Senior Frank Wroblewski is a geology senior interested in planetary science, with specific interests in surface processes.
He was the first Northland College student selected last summer for an international NASA Astromaterials Research and Exploration Science Internship at the Lunar Planetary Institute where he researched the geologic processes on the surface of Venus and the development and application of novel remote sensing techniques to study the planet.
Wroblewski’s internship was so successful, the Venus Exploration Analysis Group, a NASA-sponsored working group, asked him to present at their meeting at the Applied Physics Laboratory of Johns Hopkins University in Maryland this past fall. Attended by the top Venus scientists in the US, this group helps prioritize and direct future research on Venus.
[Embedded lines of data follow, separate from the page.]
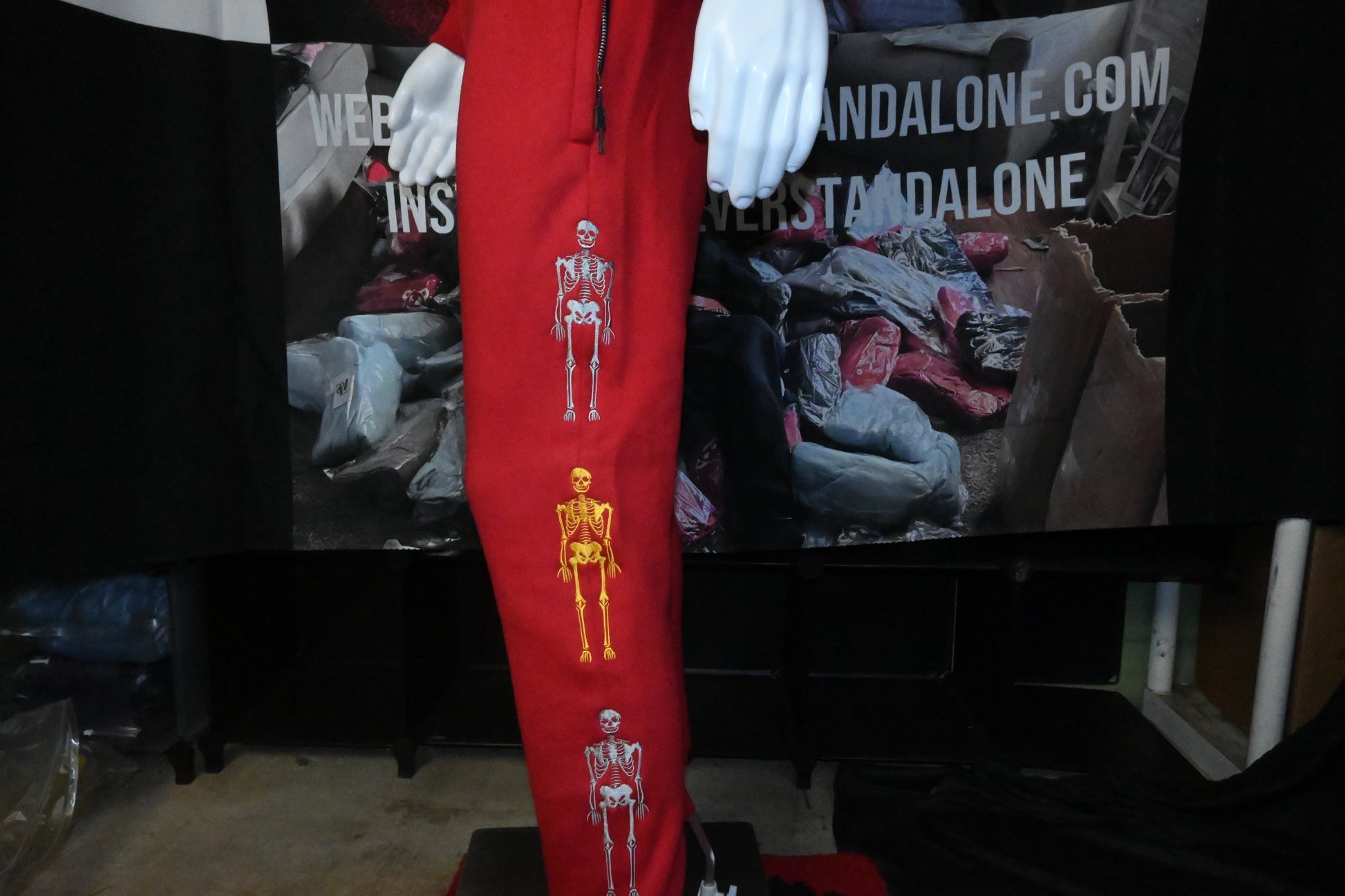 - Detailing: Custom Tag and big skeleton standing alone on the front the back is designed with multiple skeletons and also custom zippers
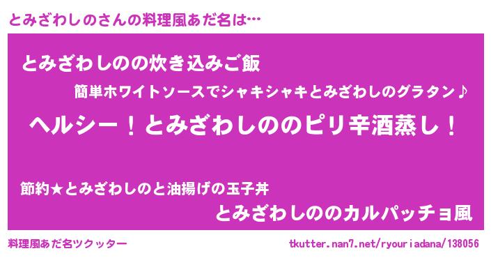 | 男性向けラノベタイトル風あだ名 | 『Re:とみざわしのから始める異世界生活』 |
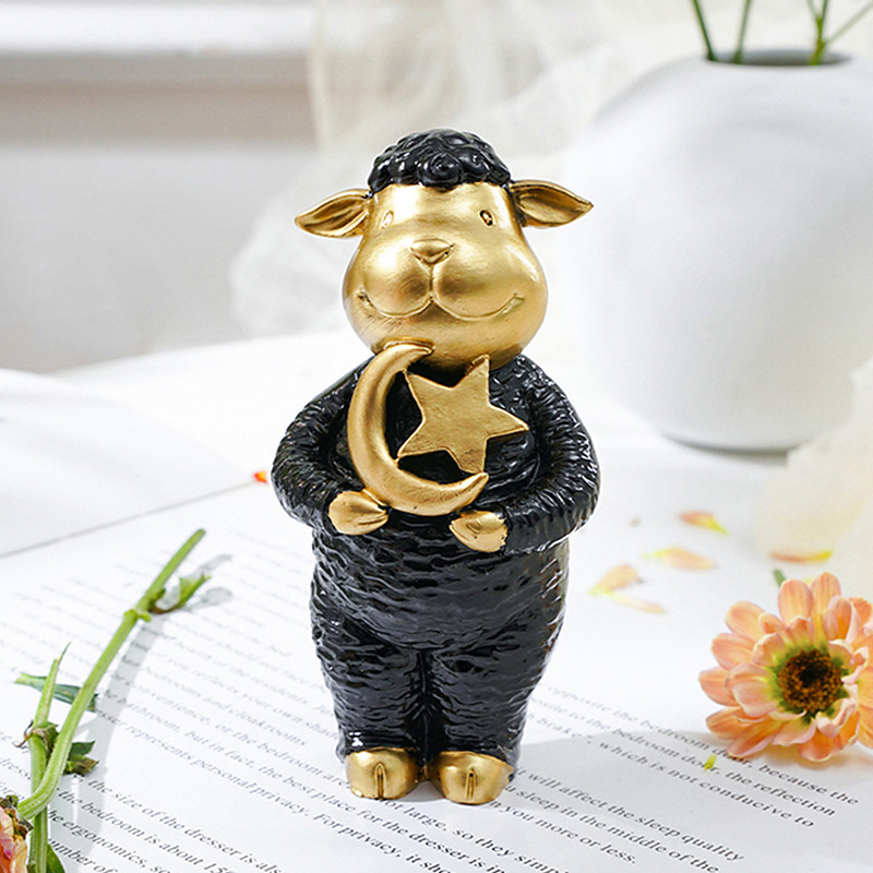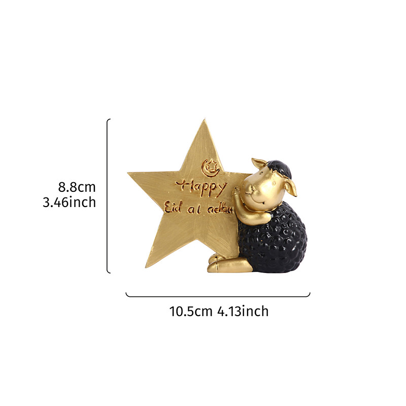 Ramadan Cute Lamb Holding Star Resin Figurine, Islamic Home Decor for Eid al-Fitr and Eid al-Adha, Tabletop Ornament for Festival Party Decoration, Sweet Gift
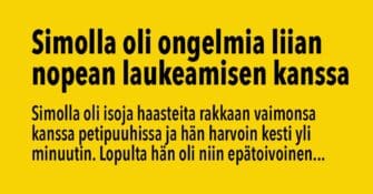 Simolla on isoja haasteita rakkaan vaimonsa kanssa, kun mennään makuuhuoneen puolelle. Mies ei kestä pitkään ja hermot...

To get to the conference, Wroblewski needed financial help—$880.16—for travel, hotel, meals, and a poster. And it was for this reason, donors established the endowed Robert Rue Parsonage Fund for Student Opportunities in 2003, to support student-initiated leadership projects.
In the last fifteen years, Northland has awarded more than $600,000 to nearly a thousand students, including Frank Wroblewski.
At the conference, Wroblewski presented his chemical analysis on the radar properties of two Venusian mountains.
Wroblewski received accolades for his work, brainstormed new ideas, learned new methods to try, and connected with two more coauthors for his research paper to be published in 2019. His findings will be included in a NASA headquarters report and his areas of research will be considered as regions of interest for future remote sensing missions, and he has been asked to present at another conference this spring.
Wroblewski was able to meet potential advisors for graduate school and write his abstracts and presentations for his resume and graduate school applications.
“By attending the conference, I’ve since been inducted into the professional scientific world head first via grant writing, managing ideas between my coauthors, and continuing research alongside my course load,” he said. “I’m gaining knowledge of scientific work that would otherwise be unavailable to an undergraduate.”